Just from that, you can throw out anything to do with chiplets, IF, or IOD. This is somehow related to the new core designs.
I still am guessing that it is more likely to be an uncore topic.
STX is different in that the path between CCXs and MMCs doesn't need to go through the substrate,¹ and in that it is the first(?) Zen device which has got CCXs of different core counts.²
¹) Perhaps they could have optimized the monolithic chip more, but didn't because co-developing and validating all the different Zen 5 products is taxing as it is.
²) Let's hope that the need to manage differing CCXs in STX is not a driver for compromises in GNR. But who knows.
If it was a conscious decision to make it that way, they should come out and let us know their logic behind it.
There will be the Hot Chips presentation
soon. Although they will surely prefer to concentrate on what got better, not so much on what was compromised.
The latency itself isn't as big of a problem as people make it out to be. It only made the existing issue more visible,
I agree.
I for one have home computers with up to sixteen last-level cache domains (have been having them for quite some time now), and in the few cases in which it matters at all, I know how to optimize at the application level based on my own targeted benchmarks. Sure, it's a bit of a nuisance to do, but the payoff compared to Intel chips is better performance of cache-fitting workloads and other fundamental benefits. (Of course I don't dedicate computers with sixteen last level caches to playing video games. And these workloads are not about sharing just a couple of cache lines, but hot data sizes in the same order of magnitude as cache sizes, so that's really not comparable to those microbenchmarks.) — Now, what remains to be seen is whether or not Zen 5's regression in cacheline bouncing microbenchmarks is going to be connected with any payoffs elsewhere.

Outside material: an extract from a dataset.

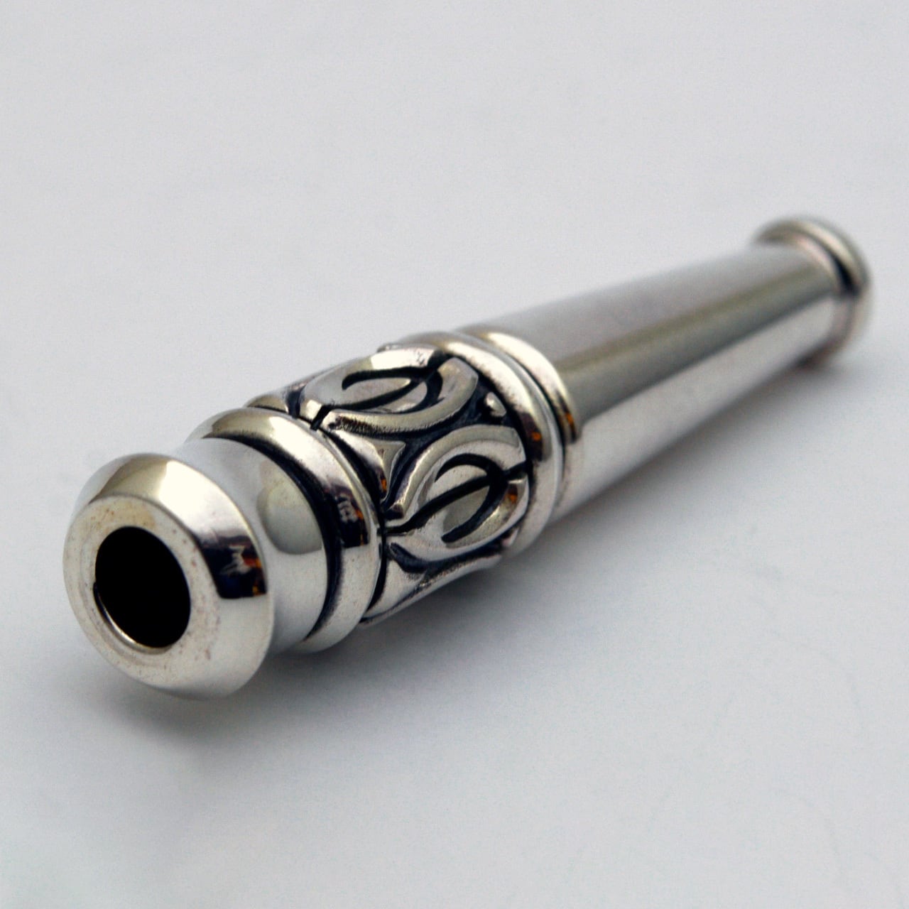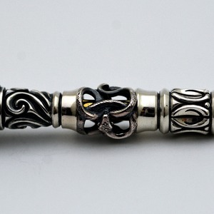 【シガレットキセルについて】「たばこであそぶ」ために制作した【 DaDa silver works 】の「大人の物好き」なシガレットホルダーです。キセルの雁首を真っ直ぐにしたビジュアルなので「シガレットキセル」と呼んでいます。「直向(ひたむ き)=キセルの雁首」「羅宇」「吸い口」の3ピースの構成となります。装飾羅宇パーツと組み替えが可能なのと、シルバーならではの迫力あるボリューム感がチャームポイントです。

To be honest, on CPU front they were executing perfectly, especially with Zen 3 and Zen 4 (which brought HUGE performance uplifts). We got spoiled.
For parallel workloads, Zen 2 and Zen 4 brought the big uplifts.
It seems true that Zen 5 cores are super-power hungry and scale perf well past what Zen 4 does, and scale much worse than Zen 4 at very low power.
Basically true, but your wording occurs exaggerated to me. Two things have been known for a while now:
– Zen 5 is quite a step up in core width compared to its predecessors,
– Turin's socket power budget is going to be increased merely ≈proportional to core count increase over Genoa.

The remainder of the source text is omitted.